2021 SCEC Annual Meeting, Poster #106, SCEC Contribution #11479 VIEW PDF
Optical image correlation has been previously used to retrieve the ground displacement caused by recent earthquakes. However, applying this method to historical ruptures can be challenging because historical aerial photographs may be affected by film degradation/warping, unknown camera parameters, small ground footprints, and limited and/or variable stereo overlap. These limitations hinder the precise co-registration and orthorectification of images, resulting in corrupted displacement estimates. To address this problem we present a workflow that automatically co-registers, orthorectifies and correlates large numbers of historical images. The method utilises image correlation and structure-f...rom-motion (SfM) techniques allowing the reconstruction of an internally consistent high-resolution DEM and orthorectified image mosaics, which are then used to calculate the horizontal and vertical components of the surface offset.

The Mw 7.2 1959 Hebgen Lake earthquake was one of the 20th century’s largest dip-slip continental earthquakes. It was covered by several sets of high-resolution aerial images, which makes it an ideal site to retrieve three-dimensional offset measurements.
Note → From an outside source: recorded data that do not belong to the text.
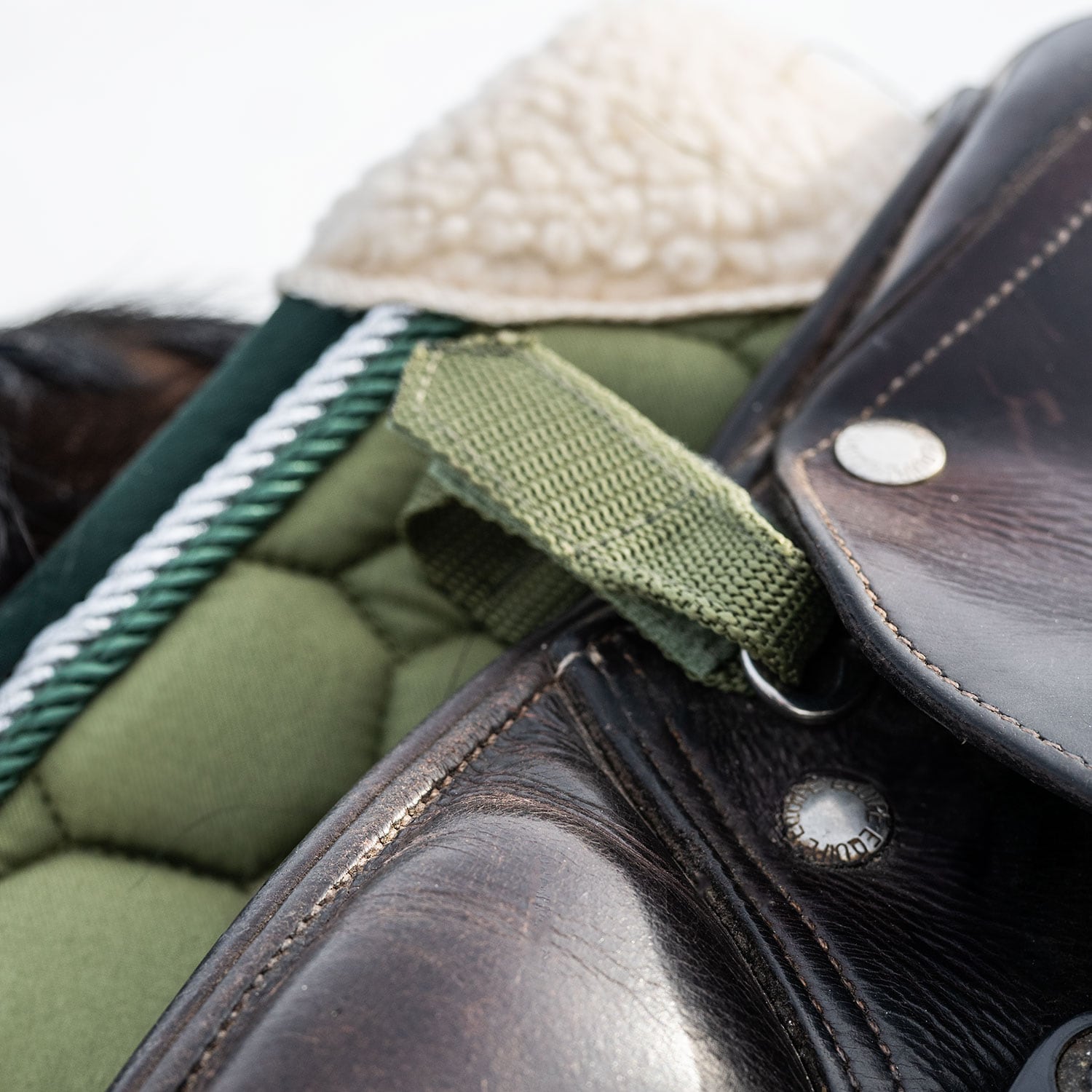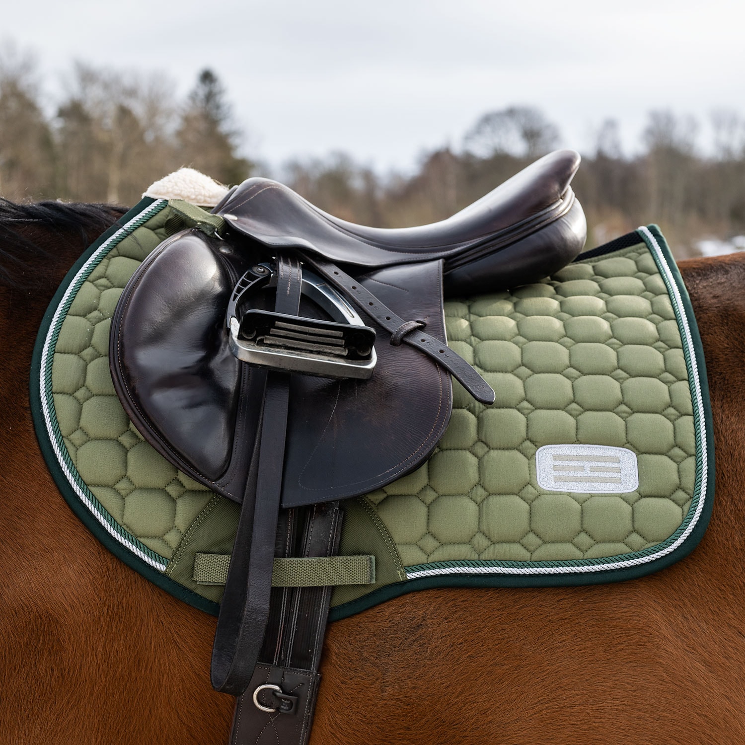 Quiltat schabrak med utsida i siltstark bomullstwill, kraftig kombinations padding i 300g polyfill + 1cm foam ger ett stadigt schabrak som håller formen och ligger på plats, insida i 100% polyester funktions material som hjälper till att transportera bort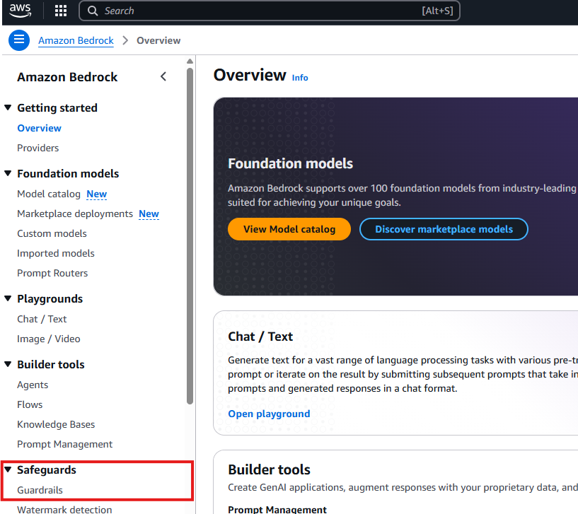 Amazon Bedrock のメニューの中から Guardrails を選択します。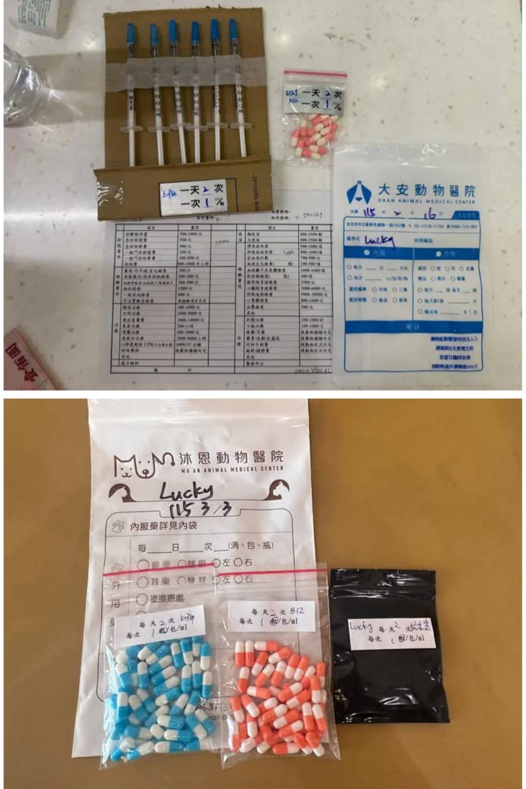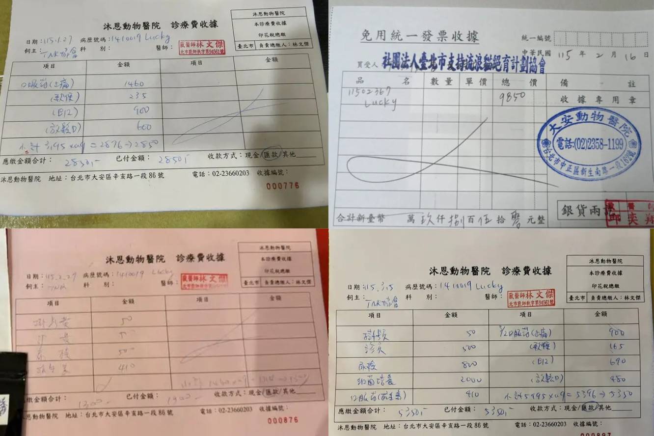 本筆醫助為2026年2月16日於大安動物醫院看診費用及2026年2月27日至2026年3月5日於沐恩醫院的費用,包含看診,X光及超音波檢驗,血檢及用藥。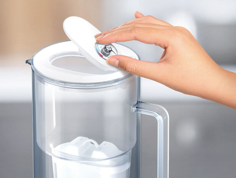 Na víku konvicí je mechanický indikátor opotřebení filtrační patrony, který informuje o včasné výměně použité patrony za novou. K provozu počítadla nejsou potřeba žádné baterie.
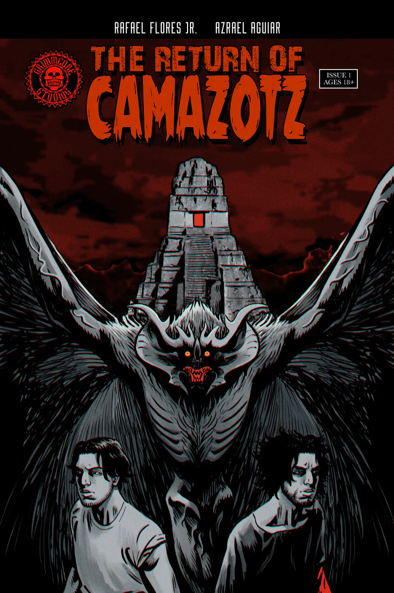 THE RETURN OF CAMAZOTZ: "‘The Return of Camazotz’ is a gothic horror comic inspired by Mayan mythology published by Grimmcore Studios. The story follows twin brothers who are attacked by the ancient Mayan vampire god Camazotz during a trip to Mexico.
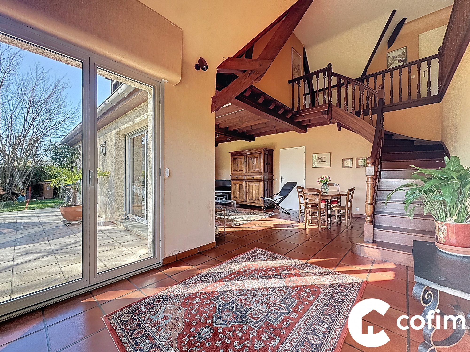 Elle offre un cadre de vie recherché, alliant charme de l'ancien, matériaux de qualité et belle luminosité. Vous y retrouverez de superbes éléments de caractère : tomettes en terre cuite parfaitement entretenues, cheminée en pierre, tuiles picon, fer forgé façonné à la main. Les larges ouvertures et les baies vitrées prolongent naturellement les espaces de vie vers la terrasse et le jardin, apportant une vraie sensation d'ouverture sur l'extérieur.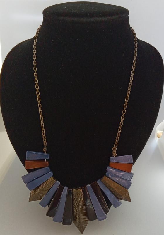Женское колье выполнено из ювелирного сплава цвета латуни. Вставки из разноцветного перламутра. / черный, красный, сиреневый / Длина украшения 45 см, удлинительная цепочка 7 см. Центральная часть колье 5 * 10 см. Украшение стильная.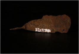 | Description / विवरण | Fragmentary part of knife, one short handle. Upper portion is broad and flat. Uneven sides, rectangular section. |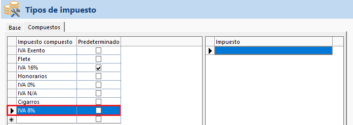 Haste este momento solo se dio de alta el impuesto Base IVA 8%, el cual podrás utilizar con los impuestos compuestos.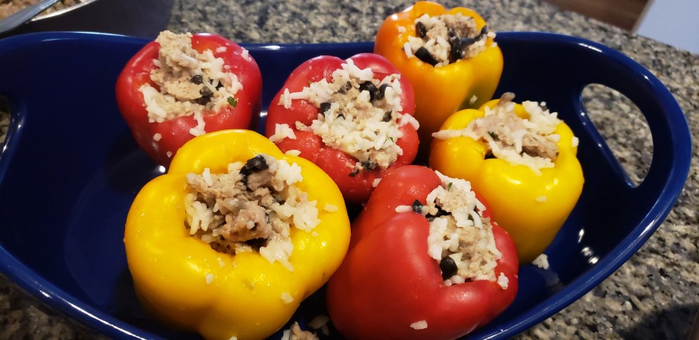 Today was one of those days – I didn’t know what to make for dinner. My daughter mentioned that she was making stuffed peppers on Thursday, so I thought I would do the same for tonight. I don’t think that I ever made stuffed peppers with meat, I always make them with lentils. My Dad used to make the most delicious stuffed peppers (with meat), but I never got his recipe. I never wanted to make peppers with meat because they would never be as good as my Dad’s stuffed peppers. This is what I came up with. Enjoy.
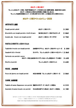 フレッシュポルチーニ茸が入荷しました!! この時期にしか味わえないフレッシュなポルチーニ茸をぜひご賞味ください! スペシャルコースもご用意しております。 併せてご利用ください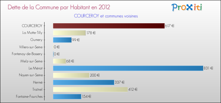 A Courceroy, la dette due par habitant de la commune en 2012 est donc plus élevée de 22.18 % que pour des communes similaires.

The results presented here capture approximately 380 km2 of the fault zone and reveal the EW, NS and vertical components of the near-field and far-field displacement. Our data are systematically higher in comparison to existing studies and field observations. It is possible that this discrepancy reflects an off-fault deformation distributed in the rock volume surrounding the main rupture. Additionally, the surface displacement field retrieved through image correlation reveals two previously unmapped strike-slip surface ruptures, which are inconsistent with the NE-SW directed extension but correlate with aftershocks that occurred two hours after the main event. These ruptures likely accommodate internal deformation related to the changing geometry of the mainshock rupture. This study not only presents new techniques to study historical earthquakes from aerial imagery but also sheds a light on the complex kinematics and geological history of the Hegen Lake rupture as one of a few normal faults events ever studied by the optical image correlation.